(Data records)
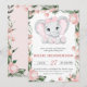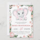 Cutie Elephant Blush Pink Floral Girl Baby Shower Invitation
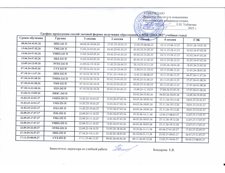 | ГРАФИК ПРОВЕДЕНИЯ СЕССИЙ ЗАОЧНОГО ОБУЧЕНИЯ |
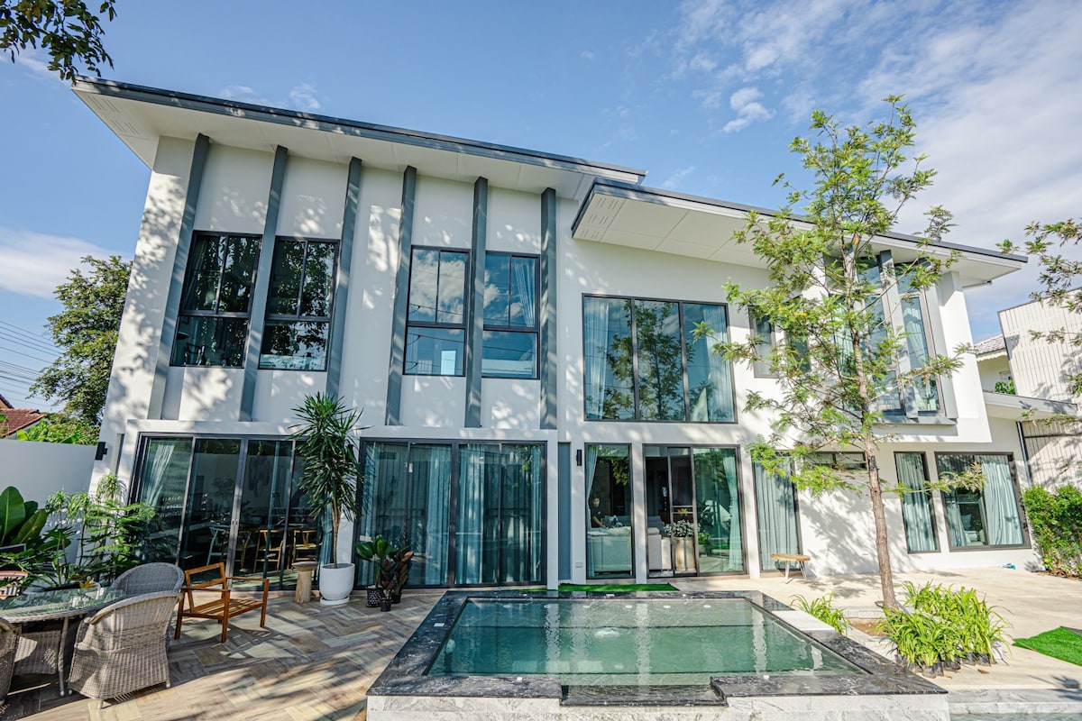 入住这处位于市中心的房源,让家人享受一切近在咫尺的便利。别墅以希腊圣托里尼的标志性建筑为灵感,尽情享受奢华和宁静。 我们的白色泳池可欣赏周围的迷人景色,别墅内部的色调为黑白色调,让您放松身心。 高雅与低调的主别墅设有设备齐全的厨房和宽敞的起居区域,所有家居为智能家居 ,应有尽有。 二、周边 别墅区位于清迈中心区JJ market 和尚泰商场 走路可达,,每个房间均配有洗漱用品及消毒用品、纸巾。周边分布各种菜系的网红打卡星级餐厅。门口有各国料理,🇨🇳🇯🇵🇰🇷🇹🇭🇮🇹🇪🇸🇺🇸 距离清迈网红餐厅5分钟车程;距离清迈塔佩门5分钟车程;距离清迈夜市5钟车程;距离清迈最大市场 7分钟车程;距尚泰百货购物商场,清迈机场10分钟, 三、五卧泳池别墅房型 能容纳14余人的聚会区,一层半超大客厅,超大露台 一个西餐厨房,私人泳池🏊,日光浴区🌞,烧烤区🍡,🍺可短租、日租、承接大型party🎉,聚会度假首选‼。一共配备6张床,其中4张king size 1.8mx2m的床,2张单人size 2x1.4m 的床,床垫均是美国进口以及超高规格的床品,让您睡的安心。
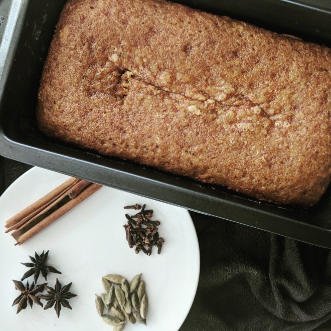 I was looking for a recipe with stout to try today when I saw this Cupcakes & Kale recipe for a gingerbread stout cake, inspired by the one at Grammercy Tavern in New York. I’m obsessed with ginger and spices, so I opted for this rather than my typical chocolate stout cake. I adapted it slightly, adding in star anise and infusing it in the stout-molasses mixture, along with the cardamom and cloves. I also added a pinch of salt and a tablespoon of freshly grated ginger for extra kick. I baked it in a loaf pan, lowered the temperature slightly and baked it for a full 50 minutes. I know that’s a long time but it’s worth it. This cake is bold and complex – spicy, sweet, and a little malty.
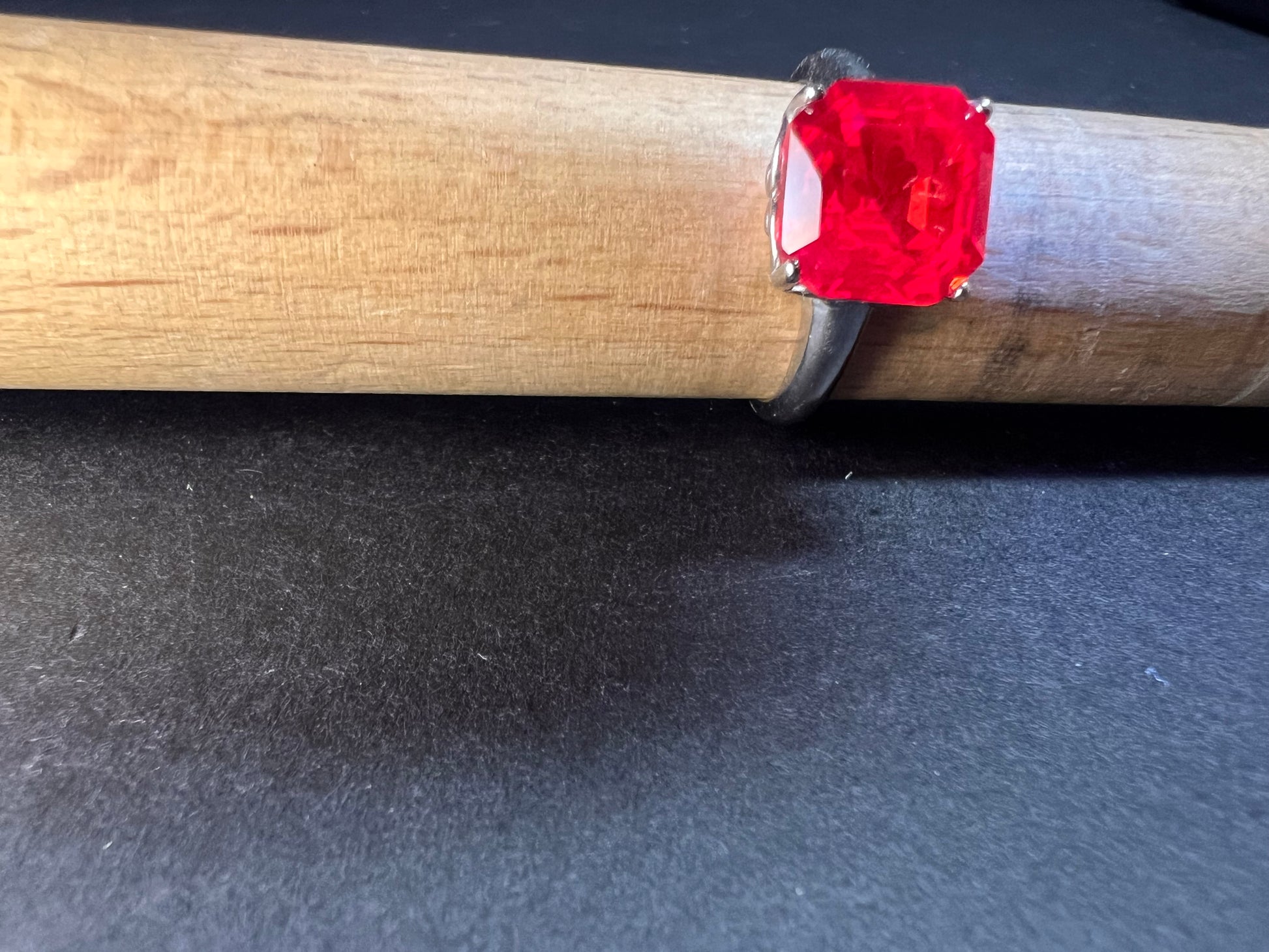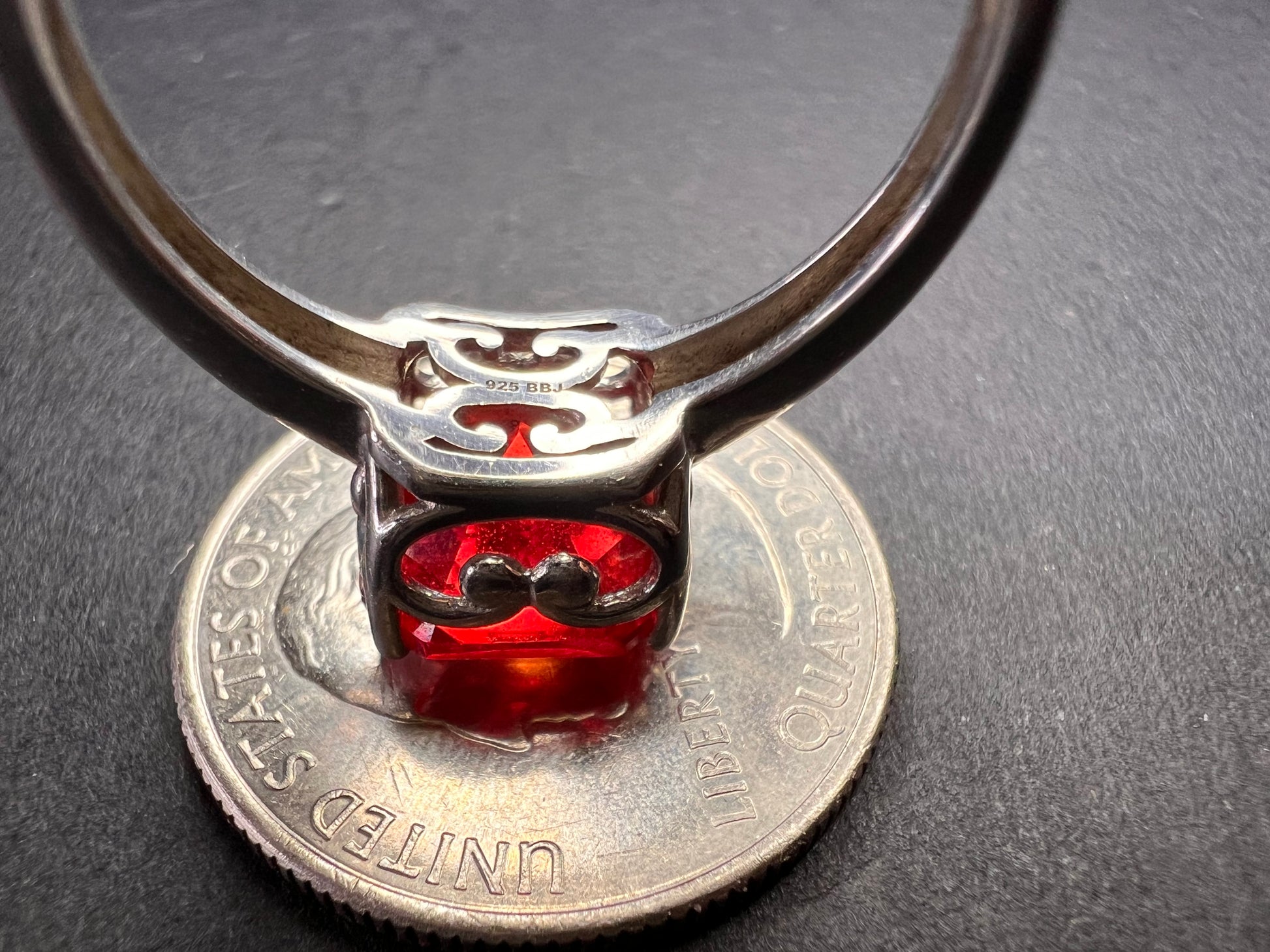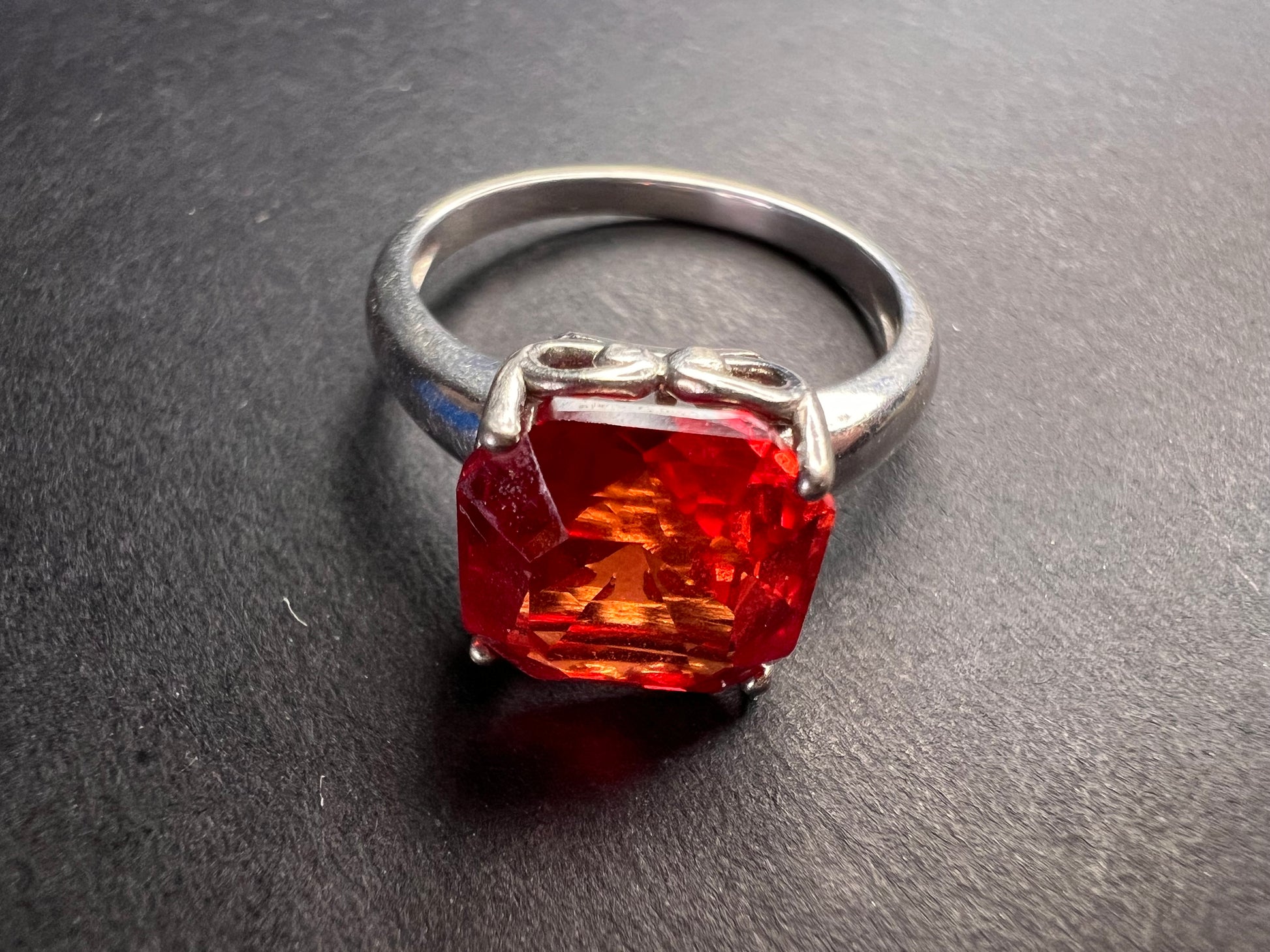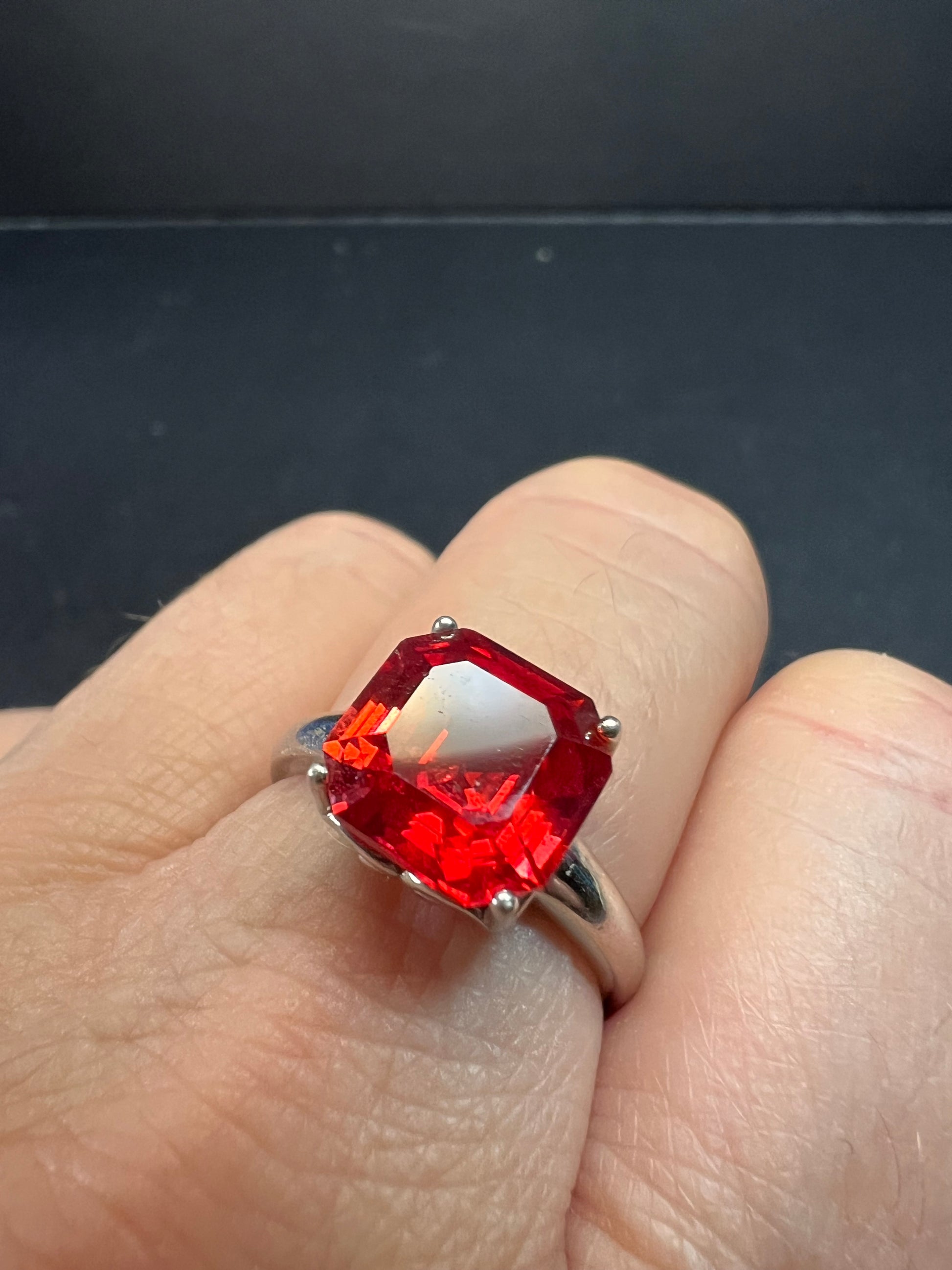 Featuring a big radiant square cut lab created padparadscha sapphire stone. Set in rhodium plated over sterling silver. Size 9 . This sapphire glows under UV light. Measures about 10 mm around. BBJ 925
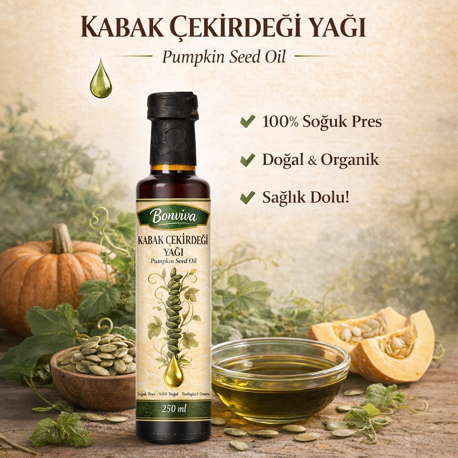 BONVİVA Soğuk Sıkım Saf Kabak Çekirdeği Yağı 250 ml
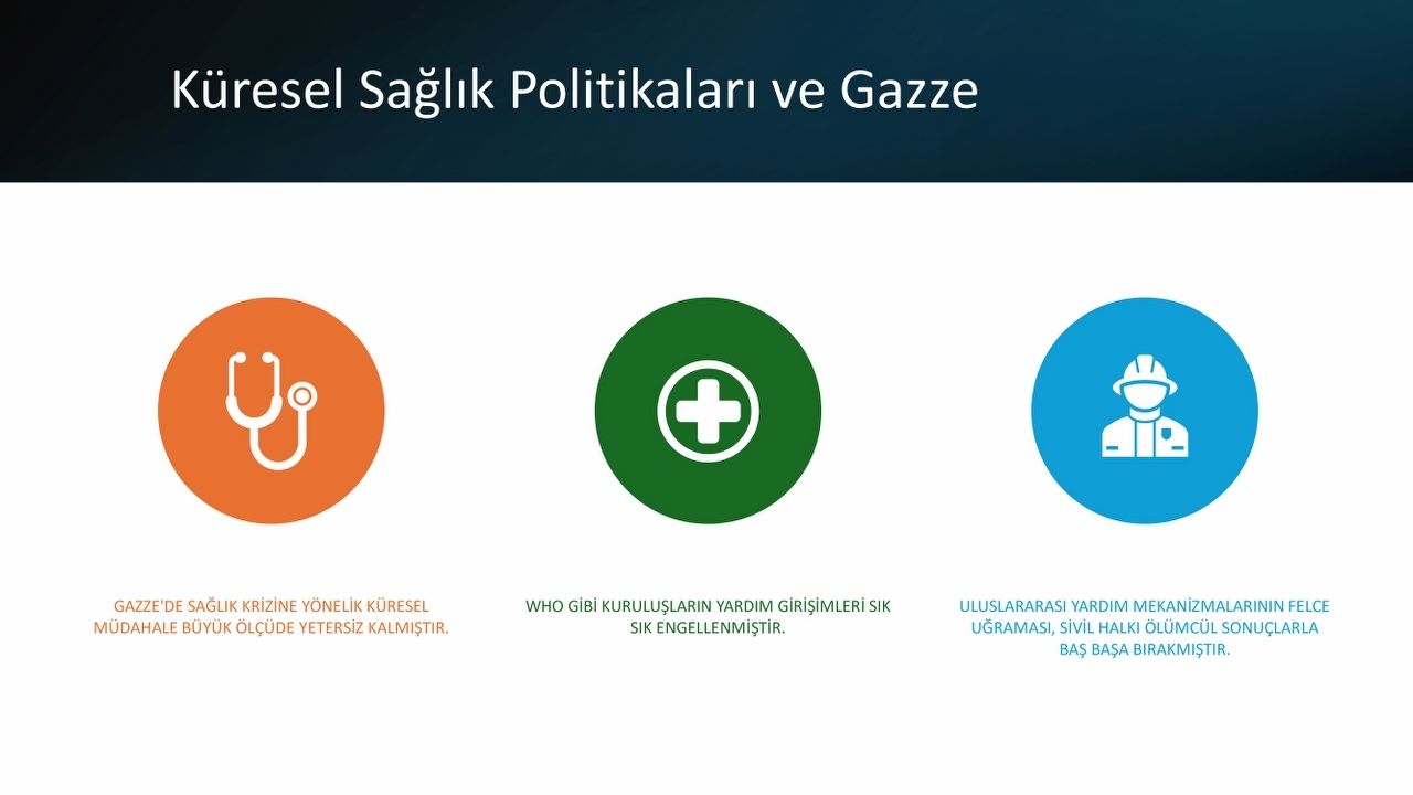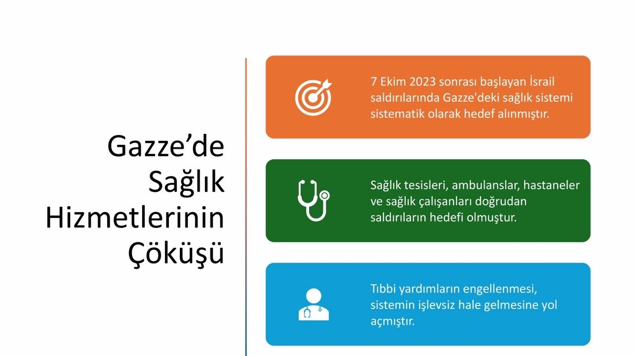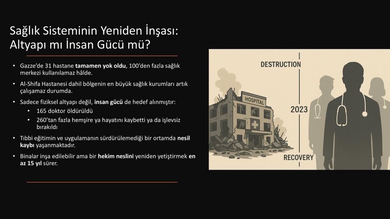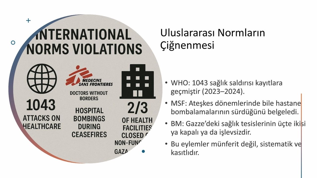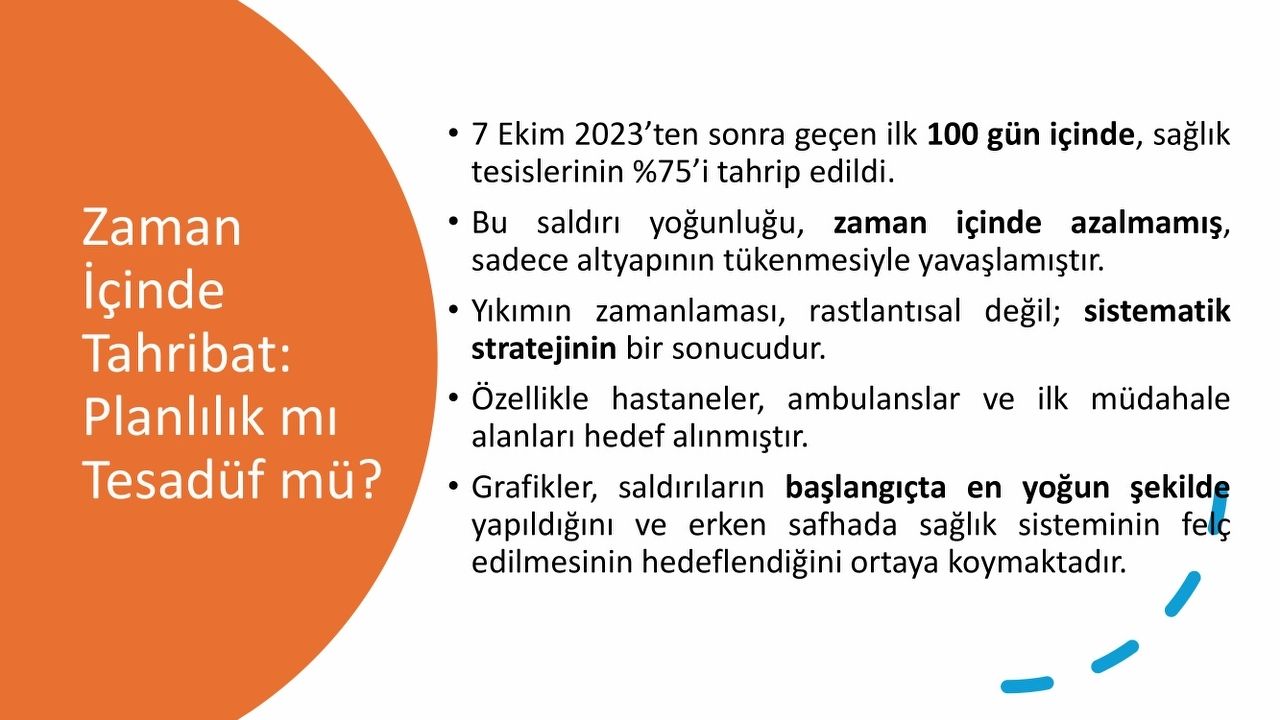 Sunumda, saldırıların rastgele değil, belli bir stratejiyle yürütüldüğü vurgulandı. Araç, “7 Ekim 2023’ten sonraki ilk 100 günde sağlık tesislerinin yüzde 75’i tahrip edildi. Bu hız, bir tesadüf değil; sistematik bir yok etme politikasının göstergesidir.” dedi. Özellikle ilk müdahale alanlarının hedef alınmasının, sağlık sistemini erken safhada felç etmeyi amaçladığını belirtti.
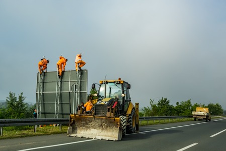 BELGRADE, SERBIA - MAY 15, 2017: Three men in orange work suits put up new traffic board sign on a newly reconstructed major road near Serbian capital city of Belgrade in a hazy day
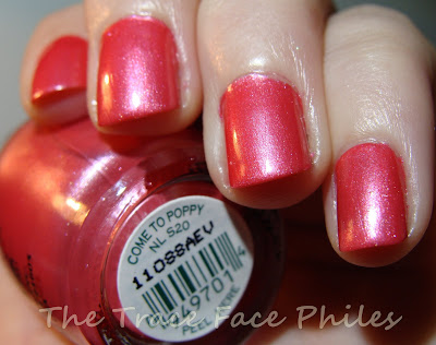 Come to Poppy was easy to work with. It went on smoothly; it is a thick pearly polish and it covers well.

**Instructions for the task**
Set down the entries above exactly; no pictures belong in the copy.

**Exercise output**
 Cutie Elephant Blush Pink Floral Girl Baby Shower Invitation
 | ГРАФИК ПРОВЕДЕНИЯ СЕССИЙ ЗАОЧНОГО ОБУЧЕНИЯ |
 入住这处位于市中心的房源,让家人享受一切近在咫尺的便利。别墅以希腊圣托里尼的标志性建筑为灵感,尽情享受奢华和宁静。 我们的白色泳池可欣赏周围的迷人景色,别墅内部的色调为黑白色调,让您放松身心。 高雅与低调的主别墅设有设备齐全的厨房和宽敞的起居区域,所有家居为智能家居 ,应有尽有。 二、周边 别墅区位于清迈中心区JJ market 和尚泰商场 走路可达,,每个房间均配有洗漱用品及消毒用品、纸巾。周边分布各种菜系的网红打卡星级餐厅。门口有各国料理,🇨🇳🇯🇵🇰🇷🇹🇭🇮🇹🇪🇸🇺🇸 距离清迈网红餐厅5分钟车程;距离清迈塔佩门5分钟车程;距离清迈夜市5钟车程;距离清迈最大市场 7分钟车程;距尚泰百货购物商场,清迈机场10分钟, 三、五卧泳池别墅房型 能容纳14余人的聚会区,一层半超大客厅,超大露台 一个西餐厨房,私人泳池🏊,日光浴区🌞,烧烤区🍡,🍺可短租、日租、承接大型party🎉,聚会度假首选‼。一共配备6张床,其中4张king size 1.8mx2m的床,2张单人size 2x1.4m 的床,床垫均是美国进口以及超高规格的床品,让您睡的安心。
 I was looking for a recipe with stout to try today when I saw this Cupcakes & Kale recipe for a gingerbread stout cake, inspired by the one at Grammercy Tavern in New York. I’m obsessed with ginger and spices, so I opted for this rather than my typical chocolate stout cake. I adapted it slightly, adding in star anise and infusing it in the stout-molasses mixture, along with the cardamom and cloves. I also added a pinch of salt and a tablespoon of freshly grated ginger for extra kick. I baked it in a loaf pan, lowered the temperature slightly and baked it for a full 50 minutes. I know that’s a long time but it’s worth it. This cake is bold and complex – spicy, sweet, and a little malty.
 Featuring a big radiant square cut lab created padparadscha sapphire stone. Set in rhodium plated over sterling silver. Size 9 . This sapphire glows under UV light. Measures about 10 mm around. BBJ 925
 BONVİVA Soğuk Sıkım Saf Kabak Çekirdeği Yağı 250 ml
 Sunumda, saldırıların rastgele değil, belli bir stratejiyle yürütüldüğü vurgulandı. Araç, “7 Ekim 2023’ten sonraki ilk 100 günde sağlık tesislerinin yüzde 75’i tahrip edildi. Bu hız, bir tesadüf değil; sistematik bir yok etme politikasının göstergesidir.” dedi. Özellikle ilk müdahale alanlarının hedef alınmasının, sağlık sistemini erken safhada felç etmeyi amaçladığını belirtti.
 BELGRADE, SERBIA - MAY 15, 2017: Three men in orange work suits put up new traffic board sign on a newly reconstructed major road near Serbian capital city of Belgrade in a hazy day
 Come to Poppy was easy to work with. It went on smoothly; it is a thick pearly polish and it covers well.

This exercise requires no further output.